Sepanjang Orde Baru berkuasa, film ini wajib diputar oleh semua stasiun televisi setiap tanggal 30 September.
Penulis: Malvyandie Haryadi
TRIBUNNEWS.COM, JAKARTA - Bagi Anda yang mengalami masa pemerintahan Orde Baru atau sebelum tahun 1998, tentu masih ingat dengan film Penumpasan Pengkhianatan G30S/PKI atau lebih dikenal film G30S/PKI.
Sepanjang Orde Baru berkuasa, film ini wajib diputar oleh semua stasiun televisi setiap tanggal 30 September.
Film ini dibuat untuk mengenang peristiwa kelam pembunuhan 6 jenderal dan satu perwira TNI atau yang lebih dikenal sebagai Pahlawan Revolusi.
Baca: DPR: Tidak ada Aturan Mewajibkan atau Melarang Nonton Film G30S/PKI
Penculikan dan pembunuhan 6 jenderal dan 1 perwira itu terjadi pada 30 September malam atau 1 Oktober dini hari pada tahun 1965.
Namun hal itu berubah setelah reformasi.

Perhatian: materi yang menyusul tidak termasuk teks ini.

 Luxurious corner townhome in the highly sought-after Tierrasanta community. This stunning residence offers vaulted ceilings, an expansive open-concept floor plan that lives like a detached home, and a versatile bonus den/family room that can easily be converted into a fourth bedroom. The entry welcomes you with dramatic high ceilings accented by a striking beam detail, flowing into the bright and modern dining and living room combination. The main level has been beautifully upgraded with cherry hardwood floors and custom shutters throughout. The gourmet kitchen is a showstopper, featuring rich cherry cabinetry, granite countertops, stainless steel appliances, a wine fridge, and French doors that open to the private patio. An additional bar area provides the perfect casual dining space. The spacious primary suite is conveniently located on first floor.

Menteri Penerangan kala itu yang juga merupakan jenderal dari TNI, Letjen Muhammad Yunus Yosfiah memutuskan untuk menghentikan penayangan "film wajib" tersebut.
Yunus mencatatkan diri sebagai orang yang pertama membuat aturan bahwa film Pengkhianatan G30S/PKI tak lagi wajib diputar.

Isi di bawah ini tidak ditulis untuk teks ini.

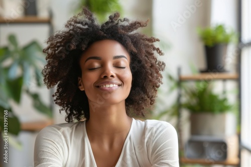 Curly-haired woman smiling by window
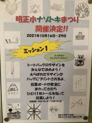 「明正小まつり」の代替イベントとしてPTA本部役員の方々を中心に「明正小ナゾトキまつり」を企画してくださいました。今週は、そのナゾトキミッションの第一弾として、トートバッグのデザイン投票を行っています。デザインは5,6年生の有志が考えてくれたものです。全部で15作品が集まりました。この15のデザインを張り付けたボードをクラスごとに回し、お気に入りのデザインにシールを貼って投票します。選ばれたデザインはトートバッグにプリントされるそうです。結果は後日、学校日記でも紹介します。

Tapi tahukah Anda selain Letjen TNI Yunus, ada dua tokoh kunci lagi yang berperan di balik dihentikannya penayangan film G30S PKI? Siapa mereka?
Dari rujukan-rujukan yang diperoleh Imelda Bachtiar, penulis memor kesejarahan, yang dimuat di Intisari, setidaknya ada tiga tokoh sentral yang berperan dalam dihentikannya pemutaran film Pengkhianatan G30S/PKI.
Mereka adalah almarhum Marsekal Udara Saleh Basarah, Menteri Penerangan Yunus Yosfiah, dan Menteri Pendidikan Juwono Sudarsono.
Majalah Tempo menulis, Menteri Pendidikan Juwono Sudarsono saat itu mengatakan, ia pernah ditelepon Marsekal Udara Saleh Basarah, Kepala Staf Angkatan Udara KSAU (1973-1977) sekitar bulan Juni-Juli 1998.
"Beliau keberatan karena film itu mengulang-ulang keterlibatan perwira AURI pada peristiwa itu (30 September)," kata Juwono ketika diwawancarai 28 September 2012.
Sebagai menteri pendidikan kala itu, Juwono meminta kepada para ahli sejarah untuk meninjau kembali kurikulum pelajaran sejarah tingkat SMP dan SMA, khususnya yang memuat peristiwa-peristiwa penting.
Supaya informasi yang diperoleh siswa didik lebih berimbang.
Ada pun Menteri Penerangan saat itu, Letjend (Purn) TNI Yunus Yosfiah mengatakan, pemutaran film yang bernuansa pengkultusan tokoh, seperti film Pengkhianatan G30S/PKI, Janur Kuning, dan Serangan Fajar tidak sesuai lagi dengan dinamika Reformasi.